Authorized Individuals
An Authorized Individual is someone you authorize to access your Customa Patient Portal on your behalf.
De-identified Data
De-identified data is PHR Data in which personal identifiers are removed and do not allow someone to determine a person’s identity.
Dependent
A Dependent is a minor child or other individual over whom an Authorized Individual has legal authority.
PHR
"PHR" means Personal Health Record. A PHR is an electronic health data application that can help you collect, manage, and share your health information. The Customa Patient Portal is a PHR.
PHR Data
When you sign up for the Customa Patient Portal, you provide and/or you authorize all or some of your Providers to provide to the Customa Patient Portal information about you. This information makes up PHR Data. Any information in the Customa Patient Portal is considered PHR Data. PHR Data might include, but is not limited to the following: Your name and contact information, such as your address, phone number, or email address Your medical history, conditions, treatments, and medications Your healthcare claims, health plan account numbers, bills, and insurance information Demographic information, such as your age, birthdate, gender, ethnicity, and occupation Computer information, such as your IP address and "cookie" preferences PHR Data includes Personal Information, De-Identified Data and Aggregate Data.Allscripts may use your PHR Data as described below.
Personal Information
Personal Information means information about you that reasonably can be linked to you such as your name, health information, demographic information, and/or other identifiers as may be defined under state and federal law. Personal Information may also include but is not limited to your financial information or Social Security Number.
Provider
A healthcare provider, healthcare practice, or hospital that you authorize to provide information to your Customa PHR. When you sign up for the Customa Patient Portal, you may provide authorization for a healthcare practice or hospital, and associated authorized users to send Personal Information to your PHR.
Reporting
Allscripts and our Service Providers might report about business activities and customers (you) to others, such as investors, auditors, potential business partners, or public communities. Reports will not include Personal Information without your specific permission or as permitted or required by law.
Service Providers
A Service Provider is an entity that is hired to perform certain functions for Allscripts to support the development, maintenance, and implementation of Customa. Service Providers may include software or website designers and data storage providers.
Security Measures
Security measures can include computer safeguards, secured files, and employee security training. In addition, Allscripts may be required by law to notify you, your provider, and/or regulatory authorities about particular data breaches.

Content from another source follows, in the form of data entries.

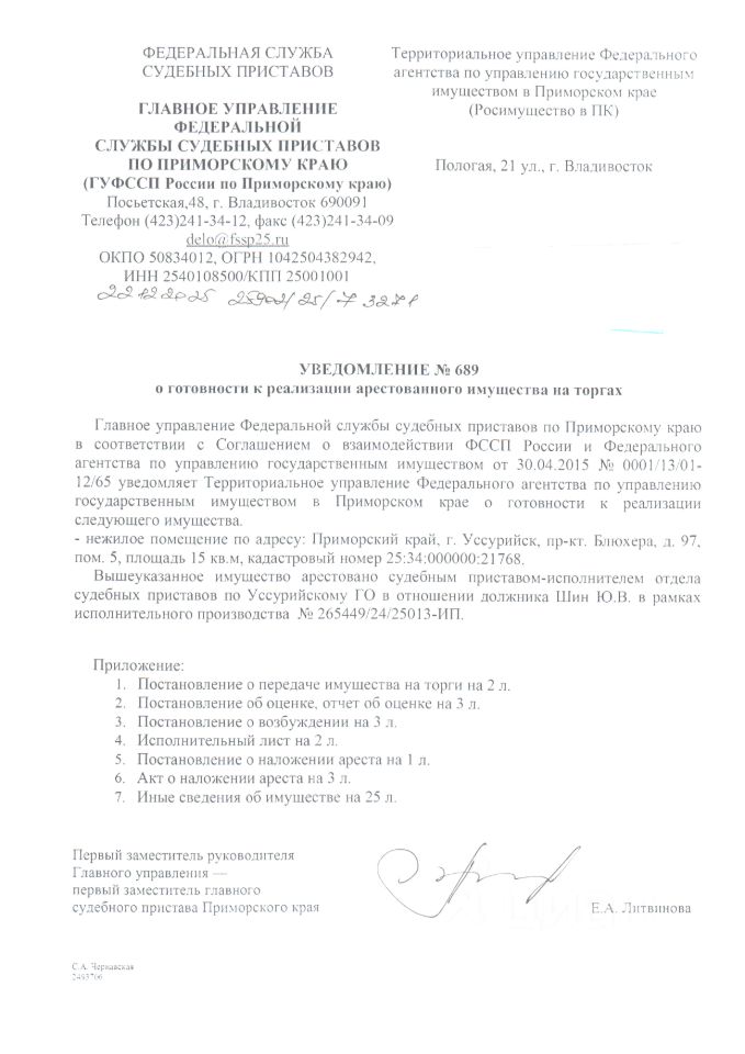 Нежилое помещение площадью 15 кв.м., кадастровый номер 25:34:000000:21768, расположенное по адресу: Приморский край, г. Уссурийск, пр-кт. Блюхера, д. 97, пом. 5, вид права - собственность, сведения о правах и ограничениях (обременениях): 43 записей о запрещении регистрации, прочие ограничения прав и обременения объекта недвижимости 2 записи, задолженность по взносам на кап.ремонт по состоянию на 18.02.2026 составляет 11144,55 руб.. а также пени в размере 3758,89 руб.
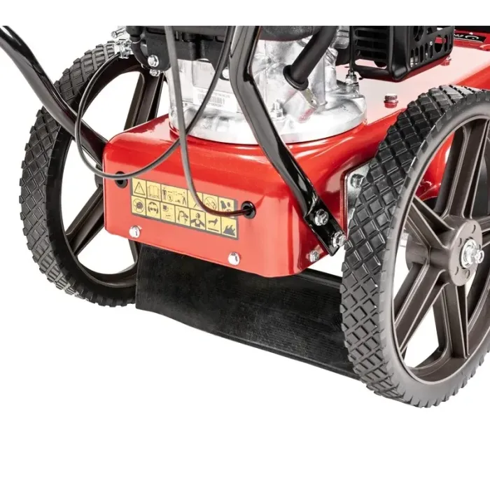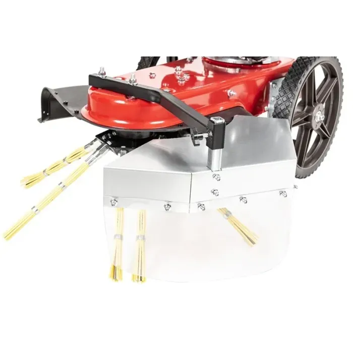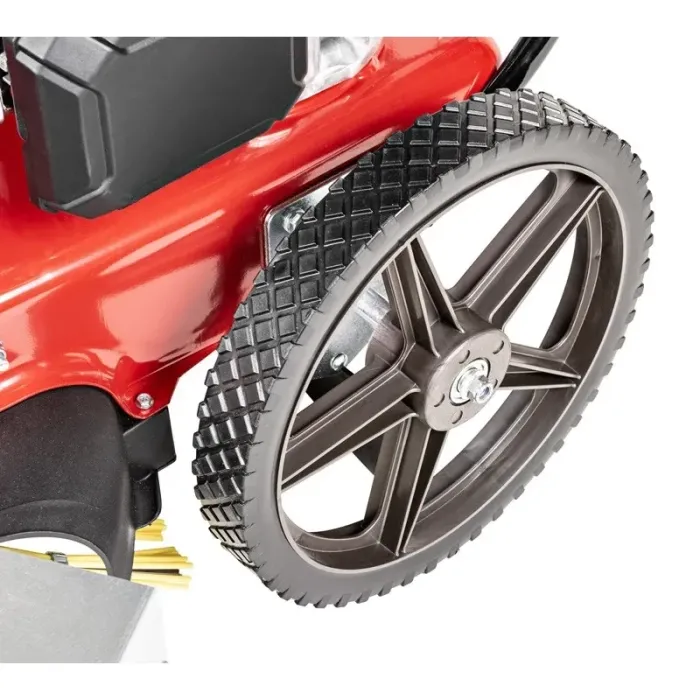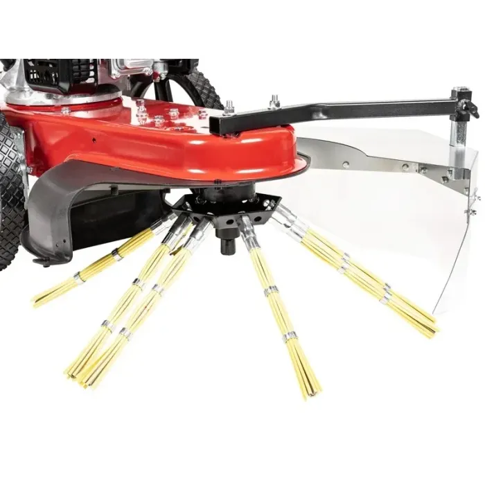 Четките са комбинация от метални и пластмасови пръти, което осигурява много висококачествена работа. Големите колела със сачмени лагери улесняват маневрирането на плевелите. Предпазител от лявата страна на четките е проектиран да улавя отпадъци, изхвърчащи изпод работния инструмент.
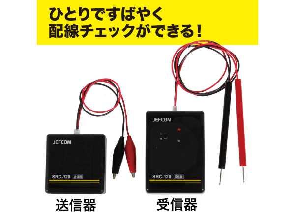 ひとりですばやく配線チェックができる! ●ひとりで探査できるので、省力化が可能 ●音と光(LED)で表示するので、確実な探査ができます ・調べたい電線端部は「ピッ、ピッ、ピッ」という音とLEDの点滅で確認 ・電線がショートしている場合は、「ピー」という音とLEDの点灯でお知らせ ●電球や電気器具のコードの導通チェックが可能です ■ 仕様 ◇受信器 ・消費電力:360mW ・最大導通テスト可能回路抵抗:150Ω ・動作距離:約200m(電線の種類により異なります) ・使用電池:9V(006P)アルカリ乾電池(電池は付属していません) ・連続使用時間:12時間以上 ・テストリードケーブル長:650mm ・本体サイズ:W67×D28×H92mm ・本体質量:110g(電池含む) ◇送信器 ・クリップケーブル長:300mm ・本体サイズ:W67×D28×H67mm ・本体質量:50g ・材質 ABS ・原産国:日本
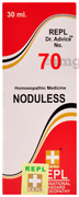 REPL Dr. Advice No.70 Nodules Drop treats numerous small nodules under skin, Cauliflower excredcences of os uteri, with flying pains, Patient tends towards malignancy and inveterate skin disease. Gouty nodo sities.
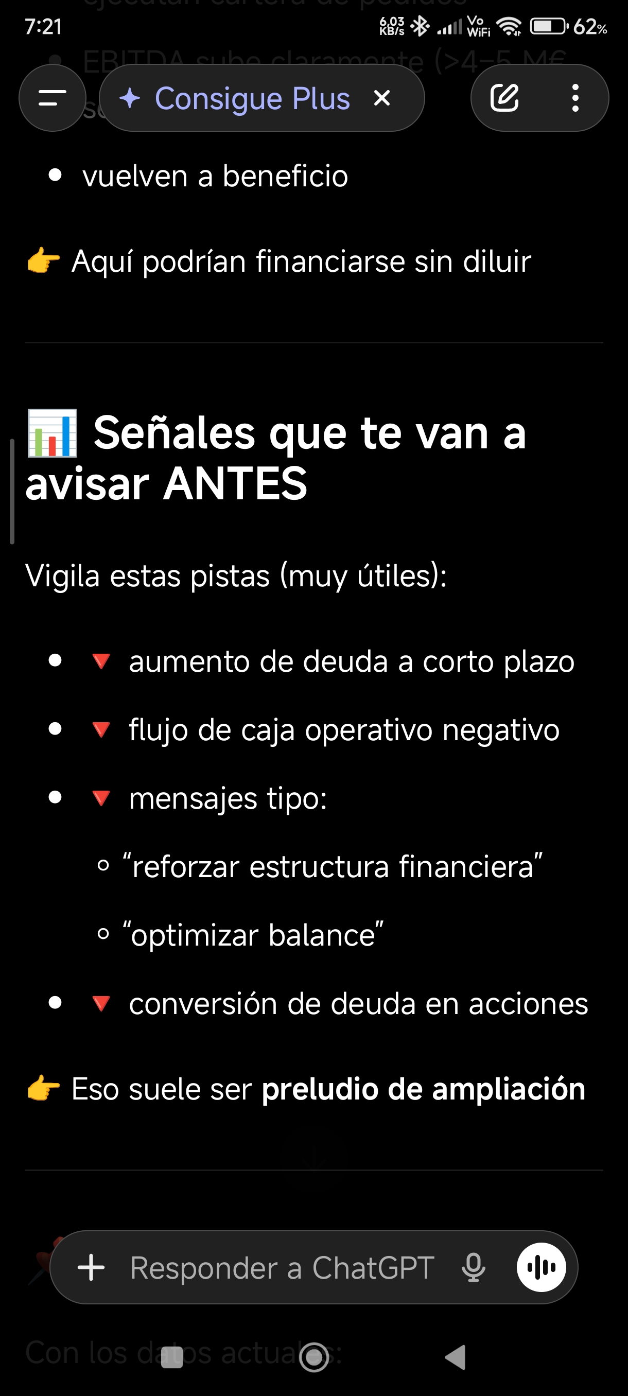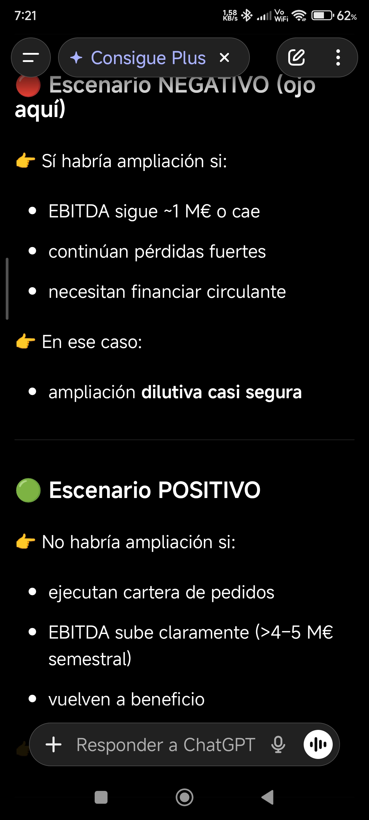 No comento los resultados porque no merece la pena. De acuerdo totalmente con Manurro, ya que , por la tendencia que lleva en este año, o la salvan de nuevo los socios con una una ak, garantizada por ellos, o concurso de acreedores. De los socios depende que esto siga a delante. Ellos deciden.
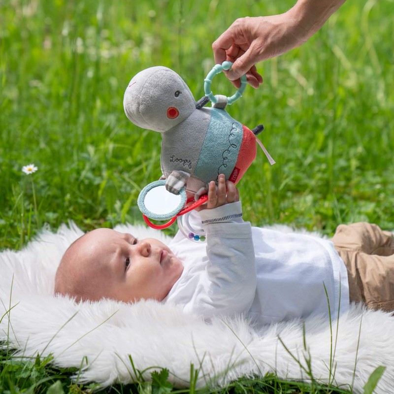 - Gentle colour accents and different pendants invite you to play and explore: with the rattle and gripping ring, you can test the sense of touch and grip and the soft teether helps with teething
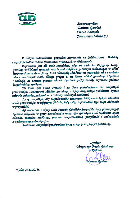 50 rocznica powstania firmy jest wydarzeniem szczególnym dla każdego przedsiębiorstwa. Wszyscy jesteśmy dumni z tego, co udało nam się osiągnąć. Odnosząca sukcesy firma z tak bogatą i ciekawą historią to coś więcej niż interes przynoszący zyski. To przede wszystkim ludzie, którzy tu pracowali, pracują i żyją. Składam podziękowania przybyłej na Barbórkę emerytowanej kadrze, w tym byłym dyrektorom Cementowni Warta, a także obecnej załodze za to, że trudem i ciężką pracą budują i rozwijają ten zakład.
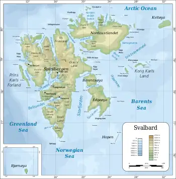 All settlements in Svalbard are on the main island of Spitsbergen (or Vest-Spitsbergen).
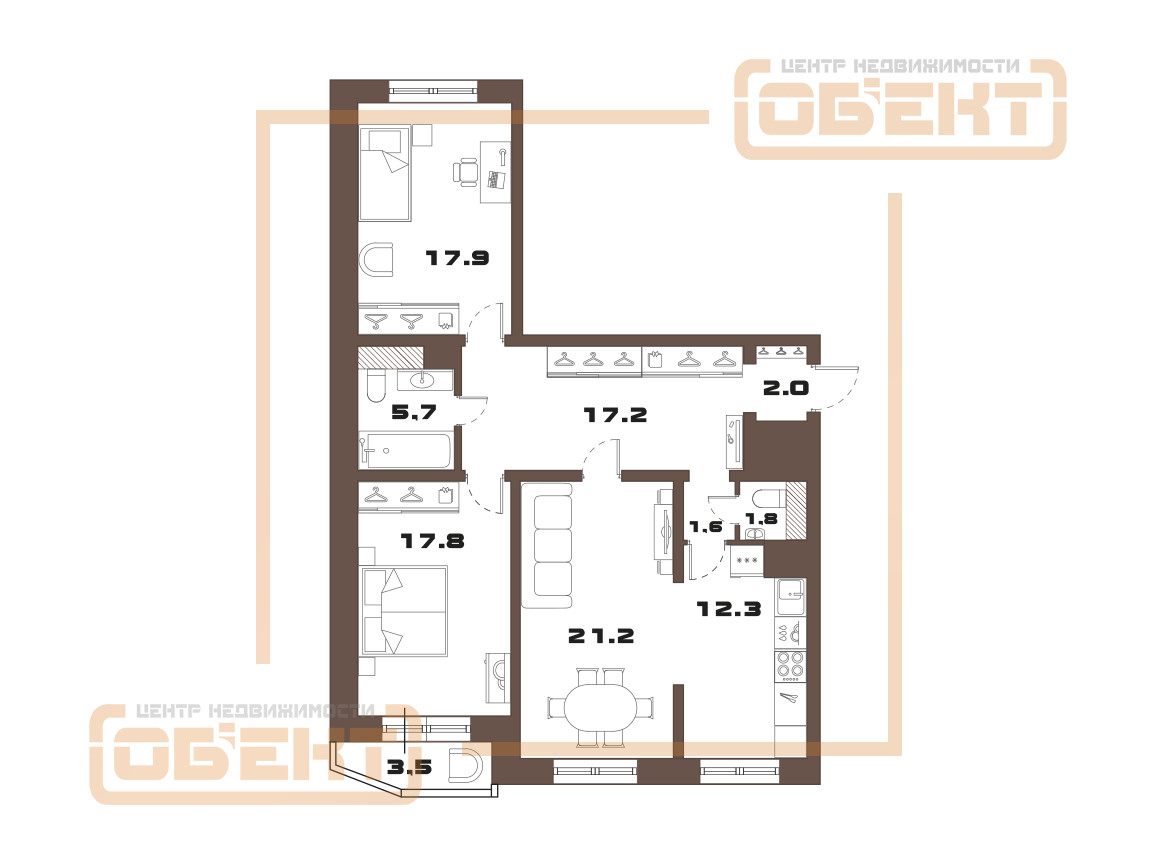 Общая площадь 101 м2

B. What Information Allscripts Collects
1. Before you register for the Service, Allscripts may collect your information in two ways: (1) if you contact Allscripts through the Internet and provide Allscripts with your contact information (e.g., name, mailing address, email address and other information); (2) Allscripts may obtain your contact information from a healthcare Provider with which Allscripts partners. In either case, Allscripts will use such information for the sole purpose of informing you about the Service and inviting you to register for the Service.
2. To use the Service, you must complete the registration process, which includes accepting the Terms and Conditions and in the case of connecting to a Provider practice, signing a Request for Access. As part of the registration process, you may be asked to provide certain information, such as your name, mailing address, and email address. You also may be asked to confirm the information that you or a partnering Provider has provided to Allscripts prior to registration, if any. Further, to register, you must agree to the Customa Terms and Conditions which incorporates this Privacy Policy. As part of the registration process, you will also have the opportunity to provide additional information to Allscripts, such as information regarding your health plan, home telephone number, etc. Providing such information, will enhance your use of the Service.
3. In general, Allscripts collects all information that you supply directly to the Service. Allscripts also may collect information from participating Providers whom you expressly authorize to use the Service with respect to you and your information (each, a "Provider" and collectively, the "Providers"). By authorizing a Provider, you also authorize Allscripts to collect information regarding you from your Provider's support staff and from other practitioners affiliated with your Provider or in your Provider's practice. Further, Allscripts may collect information from other third-party information providers that you expressly authorize to send information to your Customa account.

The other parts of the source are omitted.